[Dataset content Boundary: Start]
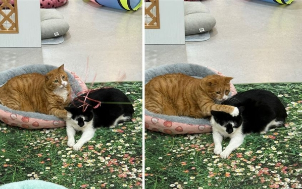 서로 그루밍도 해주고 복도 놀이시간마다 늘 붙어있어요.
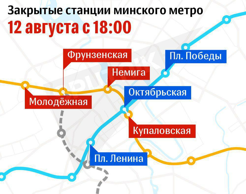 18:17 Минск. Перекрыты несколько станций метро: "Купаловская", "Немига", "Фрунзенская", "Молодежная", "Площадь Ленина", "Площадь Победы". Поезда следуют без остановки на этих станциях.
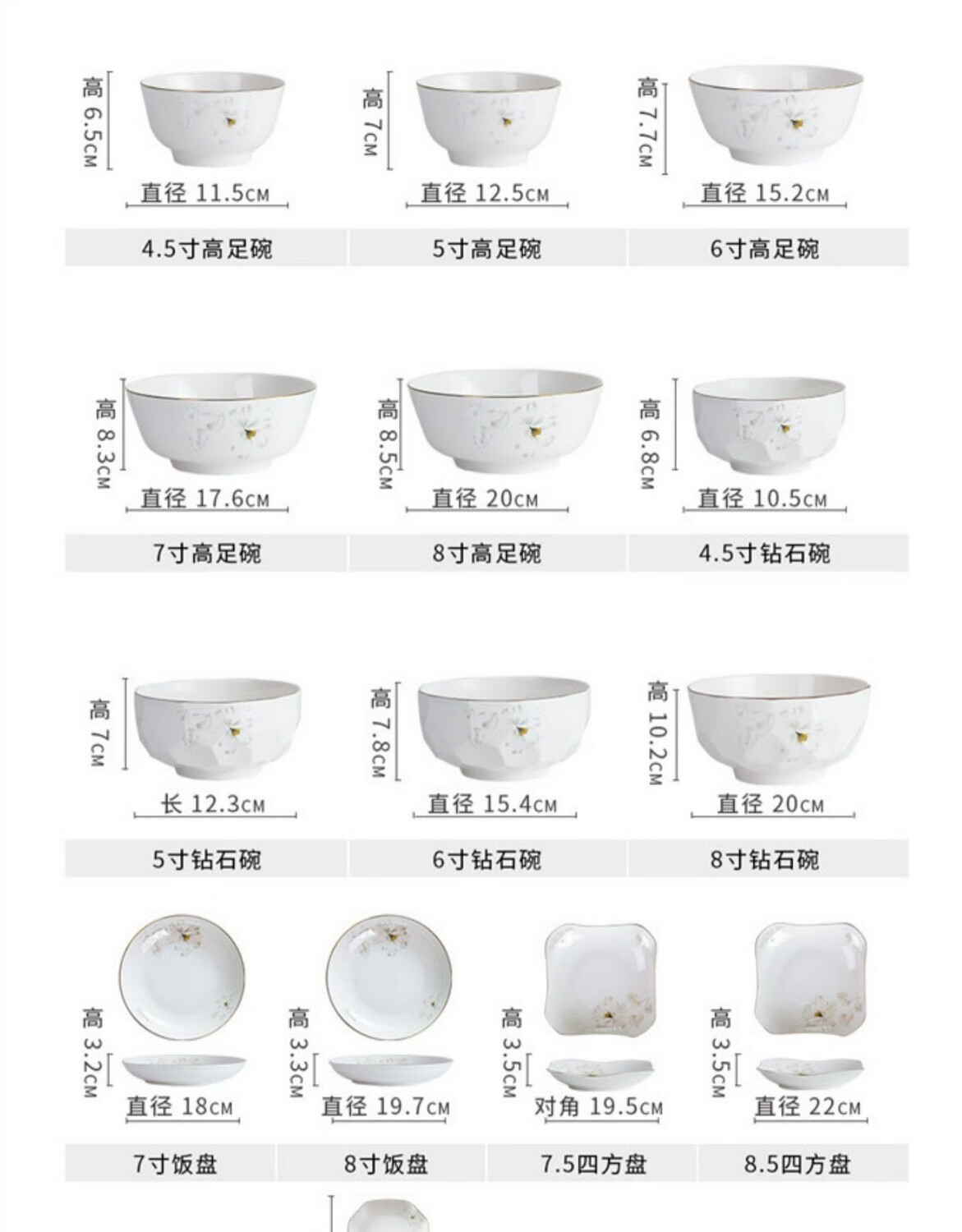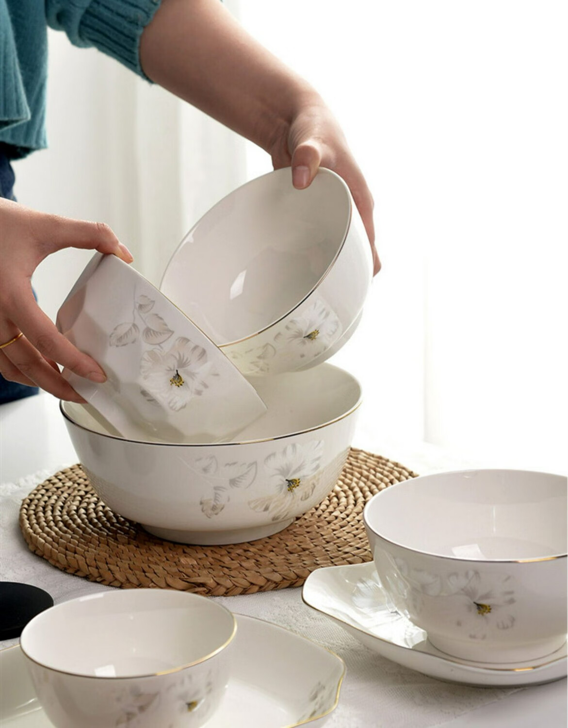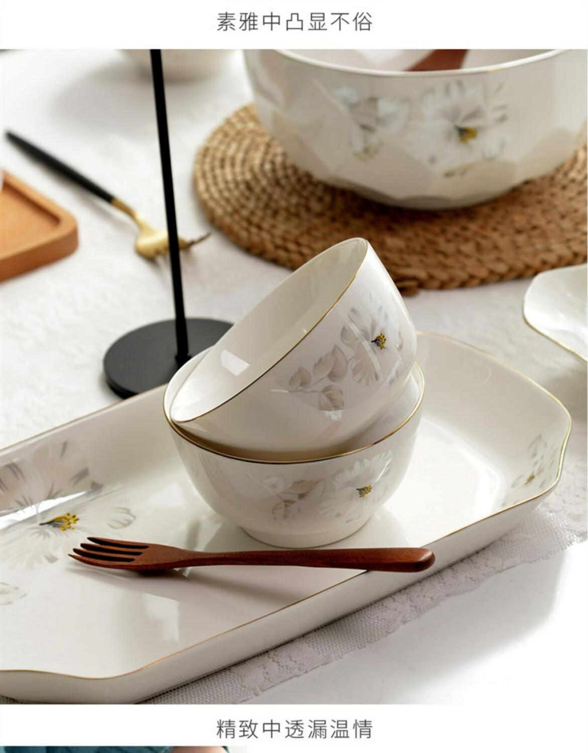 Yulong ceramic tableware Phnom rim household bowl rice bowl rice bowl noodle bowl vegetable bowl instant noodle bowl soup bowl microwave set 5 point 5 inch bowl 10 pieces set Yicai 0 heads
[Dataset content Boundary: End]
» What the task asks
No pictures belong in the answer; copy all other parts of the listing exactly.

» Output for this exercise
 서로 그루밍도 해주고 복도 놀이시간마다 늘 붙어있어요.
 18:17 Минск. Перекрыты несколько станций метро: "Купаловская", "Немига", "Фрунзенская", "Молодежная", "Площадь Ленина", "Площадь Победы". Поезда следуют без остановки на этих станциях.
 Yulong ceramic tableware Phnom rim household bowl rice bowl rice bowl noodle bowl vegetable bowl instant noodle bowl soup bowl microwave set 5 point 5 inch bowl 10 pieces set Yicai 0 heads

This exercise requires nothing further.